In 1834 a pavilion was constructed on the Common in Boston to be used on the Fourth of July by 2000 Whigs who had gathered there. The American flag was hoisted on the structure and a description was noted in a newspaper:
The proud ensign of America, the flag with the stripes and stars, was displayed in every part of the building, and pennants were floating in great profusion over the heads of the assembled multitude. [Baltimore Patriot, 11 July 1834, 2.]

On July 4, 1838, Edward Wells used the phrase in an oration he gave in Sing Sing, New York:
Shall those stripes and stars, which now wave triumphantly in every breeze, and which are honored in every land as the representative of a free people, ever be trampled beneath the feet of a foreign foe, or torn by the violence of civil strife? [Hudson River Chronicle, 17 July 1838, 2.]

In 1846 a poem written by W.G. Simms about the War with Mexico was intended for presentation on the Fourth of July as indicated below included this stanza:
"Palos-Alto and Resaca--By W.G. Simms.
A New Song for the 4th of July, 1846"

For Taylor--"Rough and Ready,"
True son of truest sires:--
For May, who, swift and steady,
Trod down La Vega's fires;
Maintain'd in pride the stripes and stars,
The dead, who won immortel [sic] life,
And they who live for other wars:
For these, who with their victory,
New wreaths to grace our laurel bring--
A health that drains the goblet dry,
A cheer that make the welkin ring! [Pittsfield Sun, 25 June 1846, 1.]

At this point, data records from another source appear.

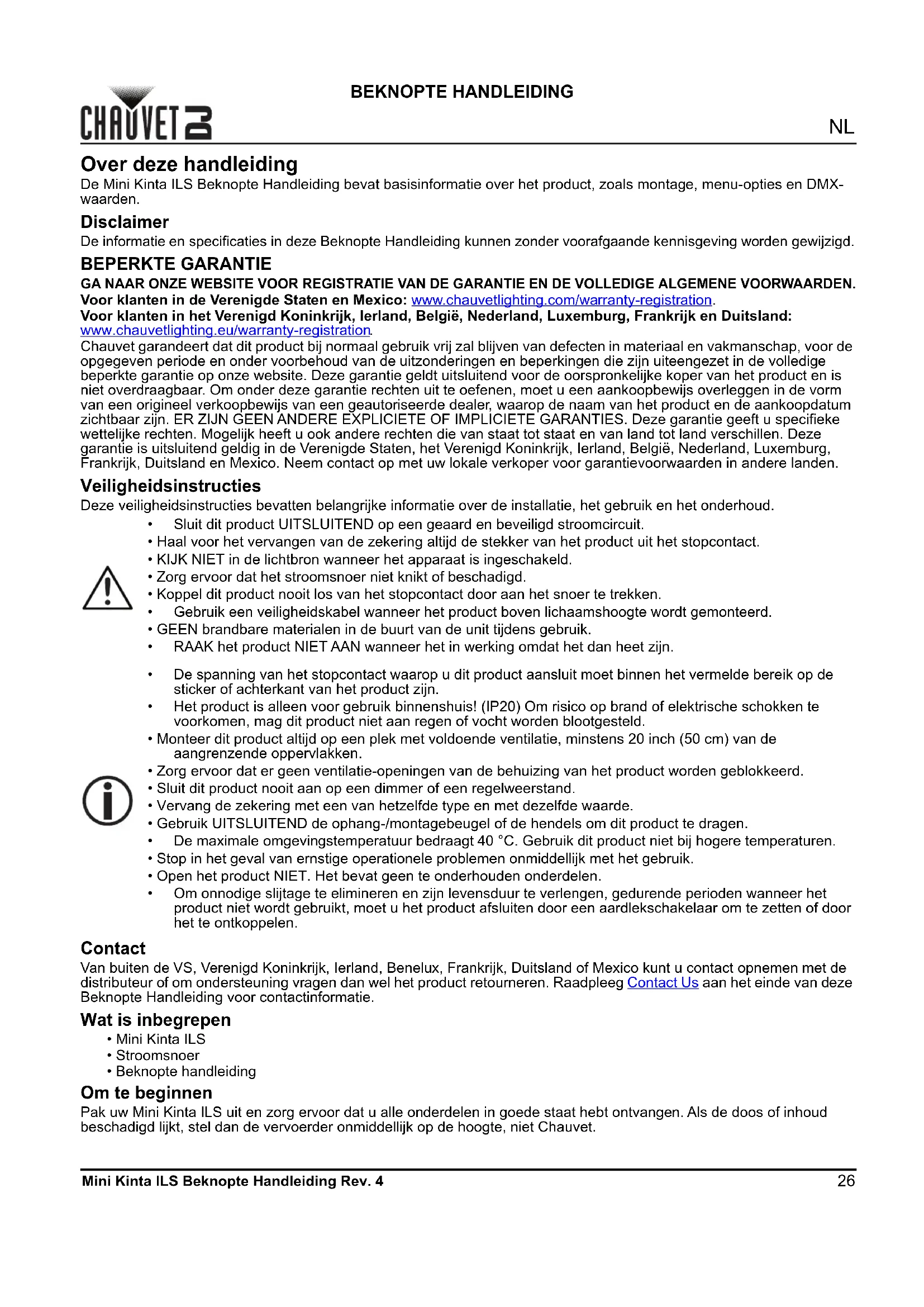 Chauvet garandeert dat dit product bij normaal gebruik vrij zal blijven van defecten in materiaal en vakmanschap, voor de opgegeven periode en onder voorbehoud van de uitzonderingen en beperkingen die zijn uiteengezet in de volledige beperkte garantie op onze website. Deze garantie geldt uitsluitend voor de oorspronkelijke koper van het product en is niet overdraagbaar. Om onder deze garantie rechten uit te oefenen, moet u een aankoopbewijs overleggen in de vorm van een origineel verkoopbewijs van een geautoriseerde dealer, waarop de naam van het product en de aankoopdatum zichtbaar zijn. ER ZIJN GEEN ANDERE EXPLICIETE OF IMPLICIETE GARANTIES. Deze garantie geeft u specifieke wettelijke rechten. Mogelijk heeft u ook andere rechten die van staat tot staat en van land tot land verschillen. Deze garantie is uitsluitend geldig in de Verenigde Staten, het Verenigd Koninkrijk, Ierland, België, Nederland, Luxemburg, Frankrijk, Duitsland en Mexico. Neem contact op met uw lokale verkoper voor garantievoorwaarden in andere landen. Veiligheidsinstructies Deze veiligheidsinstructies bevatten belangrijke informatie over de installatie, het gebruik en het onderhoud. Contact Van buiten de VS, Verenigd Koninkrijk, Ierland, Benelux, Frankrijk, Duitsland of Mexico kunt u contact opnemen met de distributeur of om ondersteuning vragen dan wel het product retourneren. Raadpleeg Contact Us aan het einde van deze Beknopte Handleiding voor contactinformatie. Wat is inbegrepen Om te beginnen Pak uw Mini Kinta ILS uit en zorg ervoor dat u alle onderdelen in goede staat hebt ontvangen. Als de doos of inhoud beschadigd lijkt, stel dan de vervoerder onmiddellijk op de hoogte, niet Chauvet.
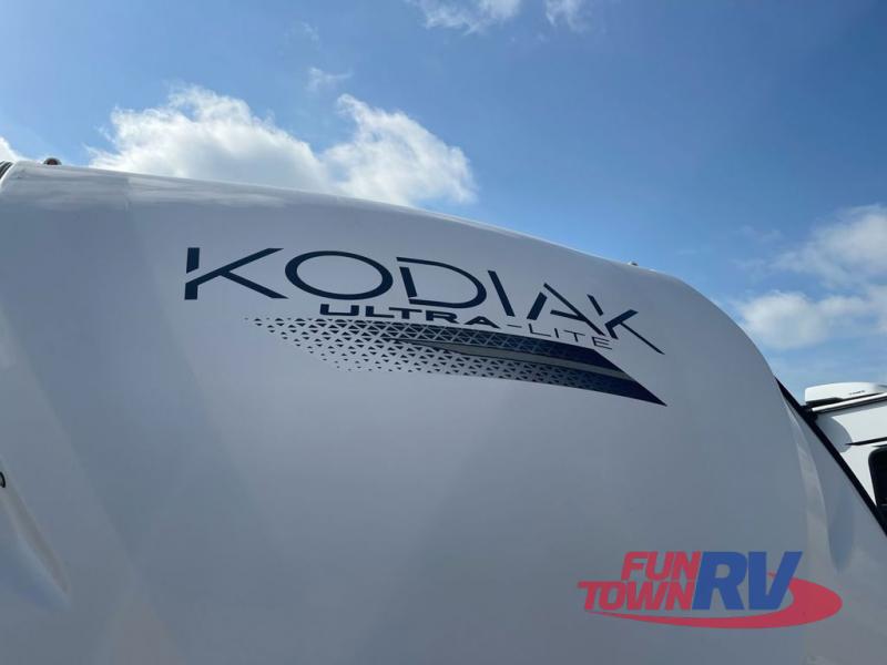 Each Kodiak travel trailer by Dutchmen includes a diamond front plate, easy lube axles, and a power tongue jack for hassle-free towing. The bear cave storage will allow you to bring along all the camp gear, and the power awning with an LED light will create an inviting outdoor space. Head inside to enjoy the designer valances, blackout roller shades, and seamless countertops. There is also HyperDeck flooring that will withstand your many adventures plus a 6' 8" interior height for more head room. A high output furnace and 13.5k BTU A/C will keep you comfortable, and the on-demand tankless water heater will provide instant hot water when you need it!
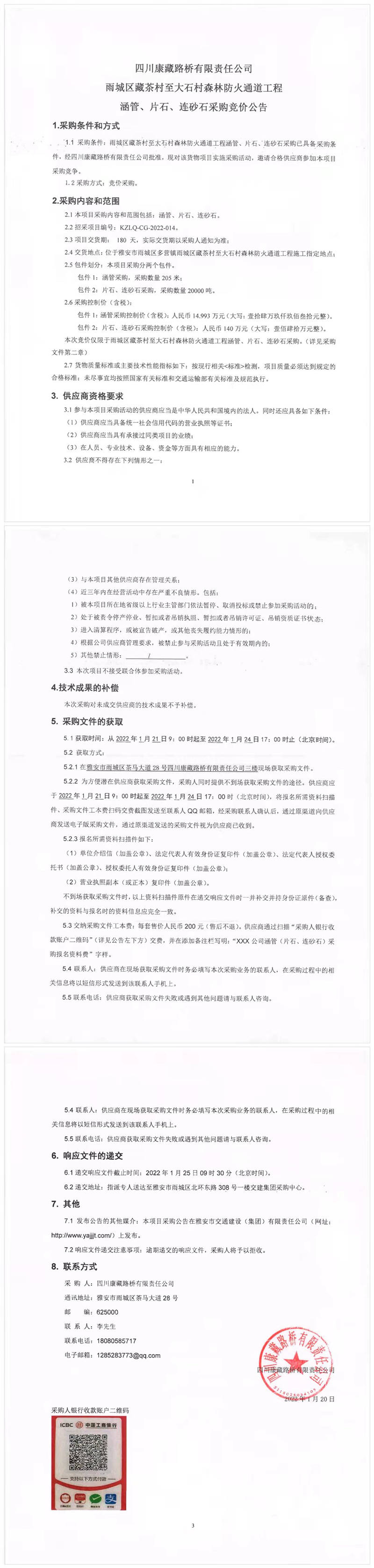 四川康藏路橋有限責(zé)任公司雨城區(qū)藏茶村至大石村森林防火通道工程涵管、片石、連砂石采購競(jìng)價(jià)公告
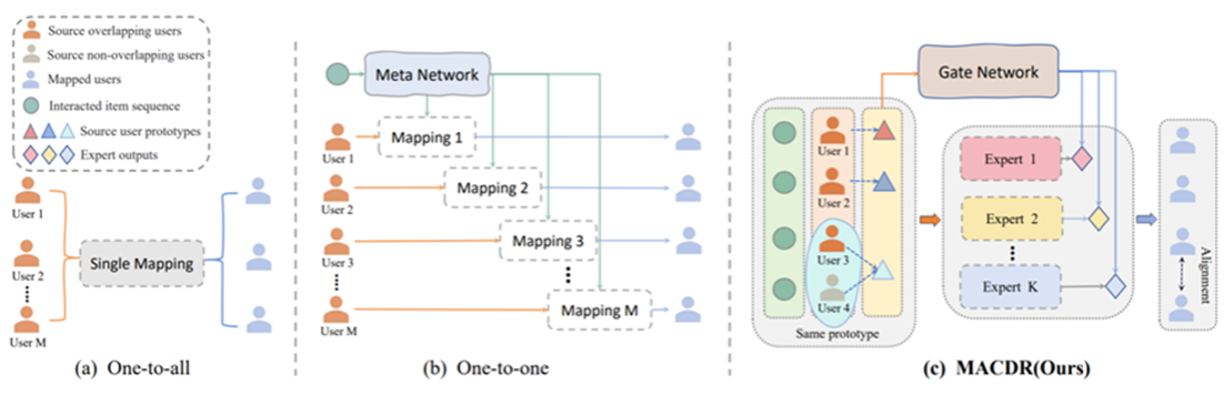Fig. 1: Illustration of three mapping functions. (a) One-to-all [25, 18, 22]: all users share the same mapping function; (b) One-to-one [51, 41]: each user has a personalized mapping function; (c) MACDR (Ours): we propose a Prototype enhanced Mixture-Of-Experts (PMOE) based mapping function to capture the transfer patterns of common and personalized preferences and design an unsupervised preference distribution alignment (PDA) optimization to better exploit the nonoverlapping users, following the assumption that users with the same prototype have closer representation after mapping
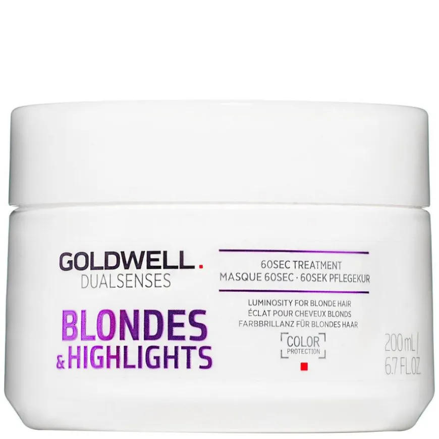 Goldwell DualsensesBlondes & Highlights 60sec Treatment er spesielt egnet for deg med blondt eller stripete hår. På bare 60 sekunder blir håret bygget opp på ny! Håret vil få masse pleie og glød. På bare 60 sekunder vil hårkuren nøytralisere gulskjær og gule toner i blondt hår.
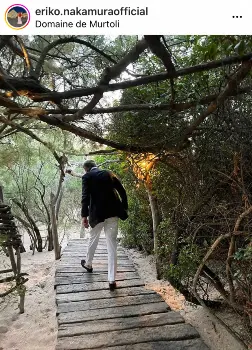 「9月のある日、友人の結婚式に参列。会場はコルシカの南にある@domainedemurtoli」とコルシカ島のホテル Domaine De Murtoli(サルテーヌ)での友人の結婚式に参列したことを報告。「Figariの空港に着いたら、真っ青な空に信じられないくらいにくっきりとした雲が浮かんでいて…それだけで幸せな気分になる」と美しい青空の写真をアップ。「Domaine de Murtoliはおよそ2500ヘクタールの大自然の中にホテルがあります。宿泊施設のお部屋の他に21のBergeries(羊小屋)があり、私たちは2人宿泊可能な小さな羊小屋へ 実際に使われていた小屋なので、あちらこちらに点在しています。2人用から15人くらい宿泊できる大きなものまで、色々。プールも素敵でしょう?」と名門ホテルを案内した。
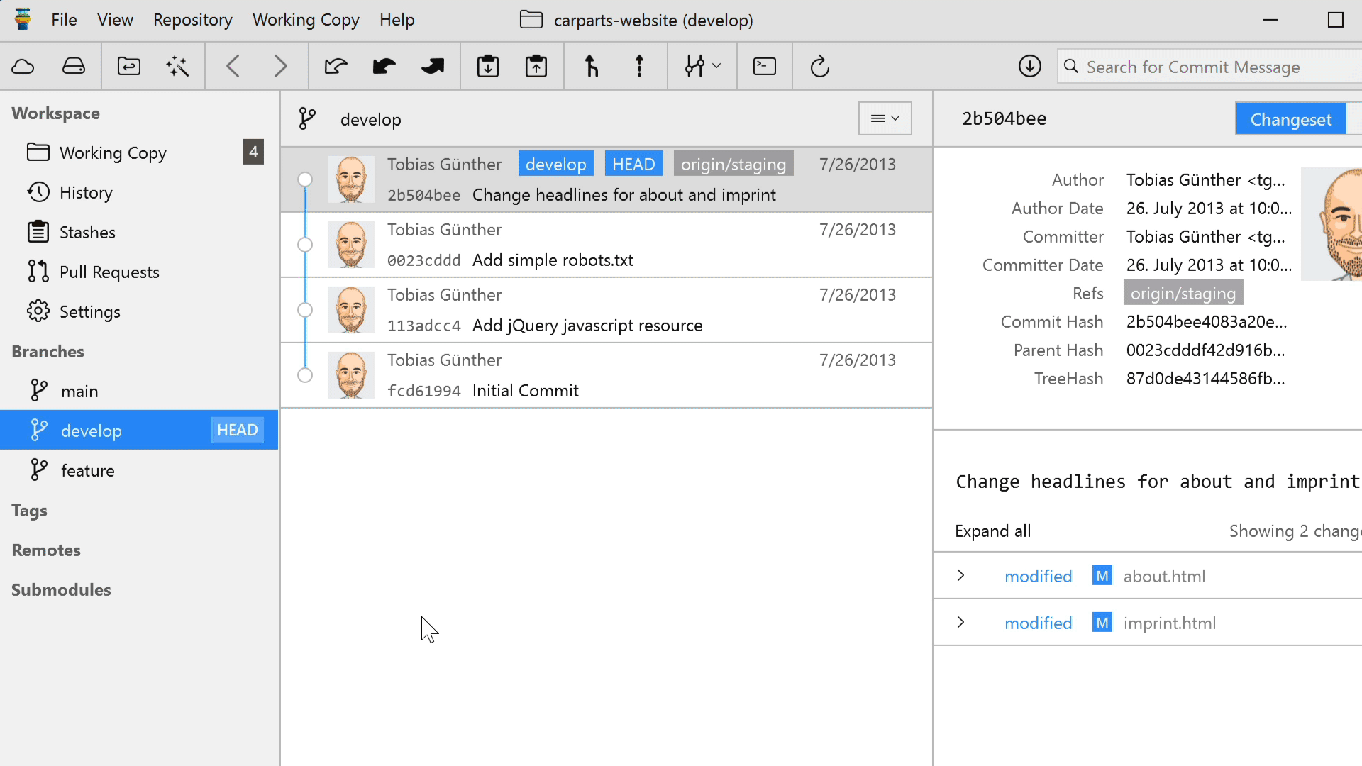Tower indicates directly in its History views if a commit was signed or not. On top of that, you can also see the signature status (green / orange / red) and access additional information through a popover window.
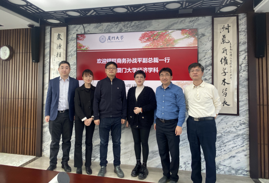 1月8日,银联商务股份有限公司孙战平副总裁一行到访经济学科,王亚南经济研究院副院长陈海强教授,太阳成集团tyc7111cc副院长郭晔教授、计量经济学教育部重点实验室(太阳成集团tyc7111cc)副主任钟锃光等与来宾会面,双方进行了友好交流座谈。
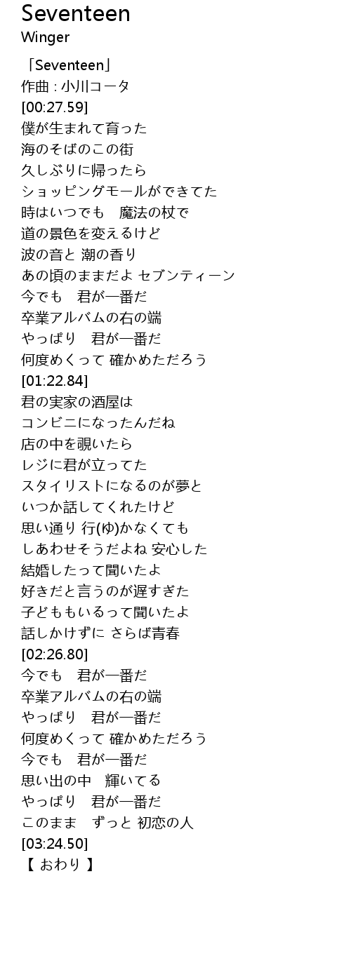 | [00:01.59] | 「Seventeen」 |
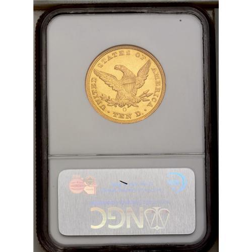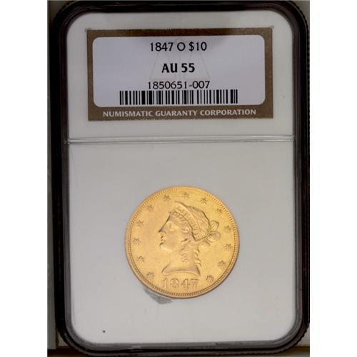 <B>1847-O<$10> AU55 NGC.</B></I> The bases of the 18 in the date are repunched. Ample luster resides in the recesses of this peach-gold New Orleans issue, and the design elements display above-average definition, though the hair at Liberty's ear is smooth. Minor marks scattered about do not distract.
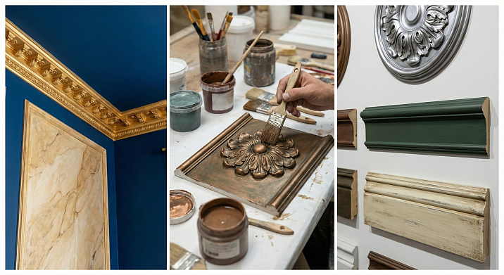 Solid color painting is just the basic level. The real magic begins when decorative techniques are used that give the molding depth, volume, and history.
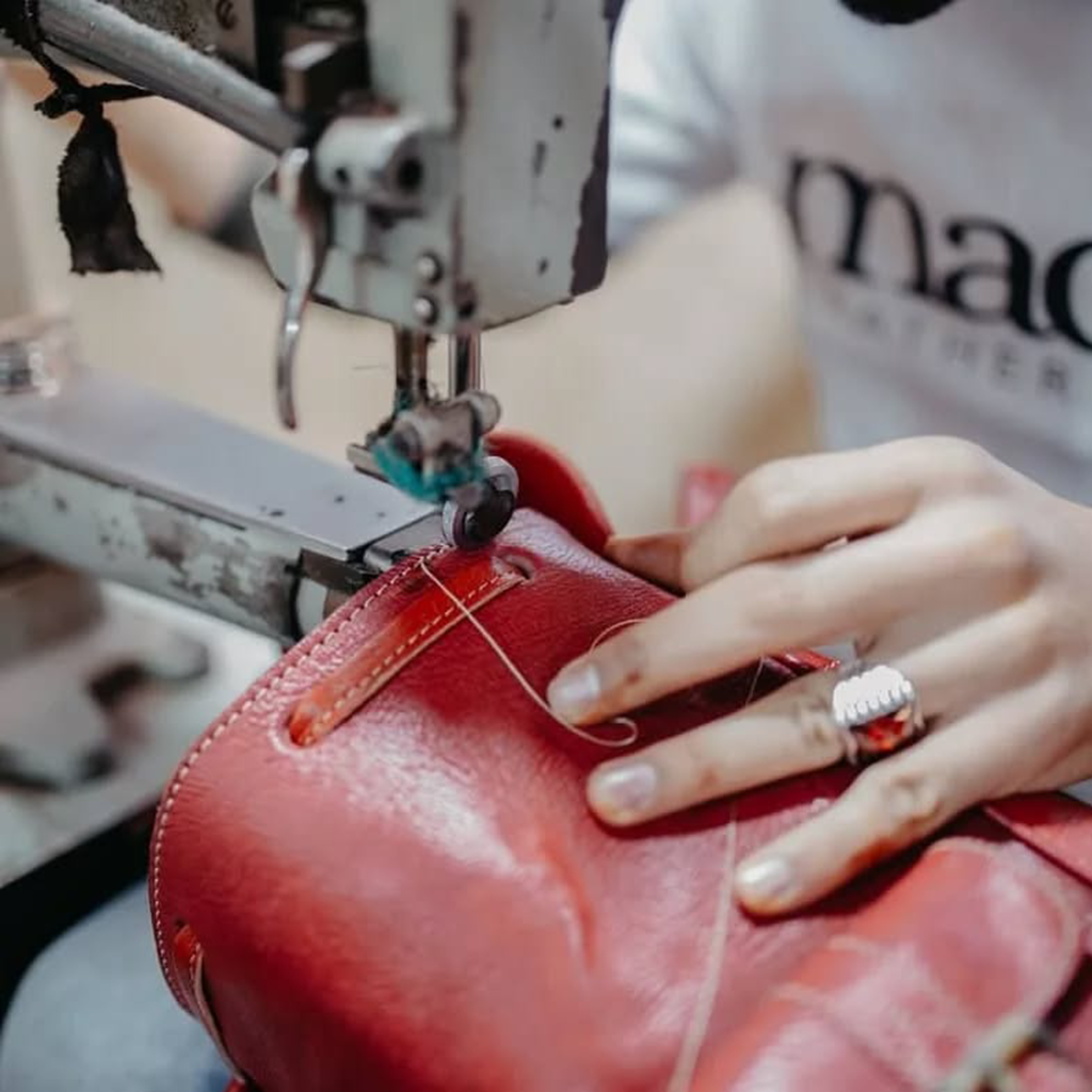 Once the leather is prepared, the artisans at Tewtiw begin the bag-making process:

"Stripes and Stars" continued to be used during the Civil War

"Stars and Stripes"

Referring to the American flag as the "Stars and Stripes" has an illustrious history, with citations in poetry, music, descriptions of parades, and speeches. At a Fourth of July celebrations in Philadelphia in 1820, a local newspaper described the event:
The anniversary of American Independence was celebrated in this city and its vicinity with the spirit, regularity and decorum by which our citizens are generally distinguished. Early in the morning the customary salutes were fired; the American flag was displayed at the navy yard, the custom house, and other public places; the stars and stripes waved from the masts of the different vessels in our harbor. ["At Philadelphia," City of Washington Gazette, 8 July 1820, 3.]

In 1824, an "Ode for the Fourth of July, Written by Mr. J.B. Moore," to the tune "Ye Mariners," included this stanza:
Victorious from the trial,
Our valiant Fathers rose;
And while above the stars shall shine,
Firm will we meet our foes!
Let the Briton, or the Gaul invade,
The North its legions pour--
They shall see, how the free
Will repel them on the shore--
While our stars and stripes on high shall wave,
"And our Yankee thunders roar!" [New-Hampshire Patriot & State Gazette, 12 July 1824, 4.]

An Ode written for a celebration on July 5 "by a young lady" and sung at a "Soiree at East Bradford," Massachusetts, had this final stanza:
Quick may oppression's work be done,
Where stars and stripes so proudly wave;
And when we next shall hail this sun,
May the loud echo rench the slave [Haverhill Gazette, 17 July 1841, 2.]

One of the earliest pieces of music to use the phrase was The Stars & Stripes Forever: Brilliant Variations on the Star Spangled Banner by Charles Grobe and published in 1852. Grobe's piece predates John Philip Sousa's popular march of the same title by forty years!